Averting Man-Animal Conflicts
Man-animal conflicts have been a huge issue, resulting in death and destruction on both sides. With the increasing encroachment of forests by human settlements, wild habitats are shrinking at an alarming rate. Consequently, animals are wandering into human establishments in search of food and that is where the problem arises. Wildlife corridors avert this problem by providing a wild and safe path to animals, without any human presence, where they can roam around freely.
Cons of Wildlife Corridors
Despite the positive conservation impact of wildlife corridors, concerns persist that these corridors can have unintended negative effects for animals and other wildlife species. There are many potential cons of wildlife corridors that could outweigh their pros.
There are many vital concerns about wildlife corridors that can adversely affect flora and fauna species, pushing them towards extinction instead of conserving them. Wildlife corridors can spike the populations of invasive species, potentially endangering the native species. Here are some negative effects of wildlife corridors.
Dispersal of Antagonistic Species
While it is meant to connect dispersed habitats, corridor connectivity may also help the spread of unwanted and harmful antagonistic species as well. For example, they can increase the spread of hostile species such as raccoons that depredate bird nests. This dispersal of hostile species can have the undesired effect that wildlife corridors are trying to prevent in the first place.
Negative Edge Effects
Edge effects are the alternations in population or community structure in ecology that occur at the boundary of two or more habitats. This could have adverse consequences due to wildlife corridors. Negative edge effects include increased risk of parasitism or disease, adverse microclimate conditions and other effects that can be harmful to the species that are being protected through the construct of wildlife corridors.
Spread of Invasive Species
Wildlife corridors can aid invasive species to spread throughout a crucial habitat, damaging the native ecology. For example, fire ants are a noxious species in the southern United States and are spreading globally. These are alike many invasive species, known to have pushed many species away from their local habitats. Invasive species spread can endanger the endemic species and push them further toward extinction.
Increased Risk of Fires
Various studies and analyses have revealed that corridors alter patterns of fire temperatures through a direct connectivity effect and an indirect edge effect. Connectivity provides a link between hotter-burning plots and fueling wind flow. Experts recommend to consider corridor impacts on fire carefully during landscape management, both in the context of how these pathways connect and break distributions of fuels and the role of fire.

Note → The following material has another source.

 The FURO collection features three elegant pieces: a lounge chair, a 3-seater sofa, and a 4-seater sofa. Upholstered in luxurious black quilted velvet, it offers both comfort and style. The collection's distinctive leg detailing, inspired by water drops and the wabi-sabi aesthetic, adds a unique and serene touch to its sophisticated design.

Increased Rise of Predation
Increased predation rates are one of the main concerns about corridors. Apparently, if the prey is dispersed through habitat corridors, a predator has the advantage of this bottleneck event to attack. Although it is without scientific support, the point certainly is a valid one. The complex relationship between predation and corridors can leave the prey bases exposed and vulnerable amid certain situations.

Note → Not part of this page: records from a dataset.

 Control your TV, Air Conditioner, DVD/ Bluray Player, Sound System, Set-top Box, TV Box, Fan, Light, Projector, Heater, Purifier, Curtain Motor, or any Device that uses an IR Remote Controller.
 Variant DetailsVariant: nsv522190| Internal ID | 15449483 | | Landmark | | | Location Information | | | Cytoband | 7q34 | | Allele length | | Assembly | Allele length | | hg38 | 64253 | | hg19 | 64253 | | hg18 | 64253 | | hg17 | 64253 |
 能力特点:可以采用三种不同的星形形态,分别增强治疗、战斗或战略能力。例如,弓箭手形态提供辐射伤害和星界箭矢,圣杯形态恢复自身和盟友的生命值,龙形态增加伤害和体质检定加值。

Difficulty to Maintain Size
Another concern about wildlife corridors is the size in which they are introduced into the wild. The area size of the corridor is crucial to consider in accordance with all the species in multiple habitats that are being connected. If an area size works for a certain species, it is not necessary that it will be suitable for another species. While planning landscape management, it is important to take these things into consideration, otherwise, these pathways can be rendered useless.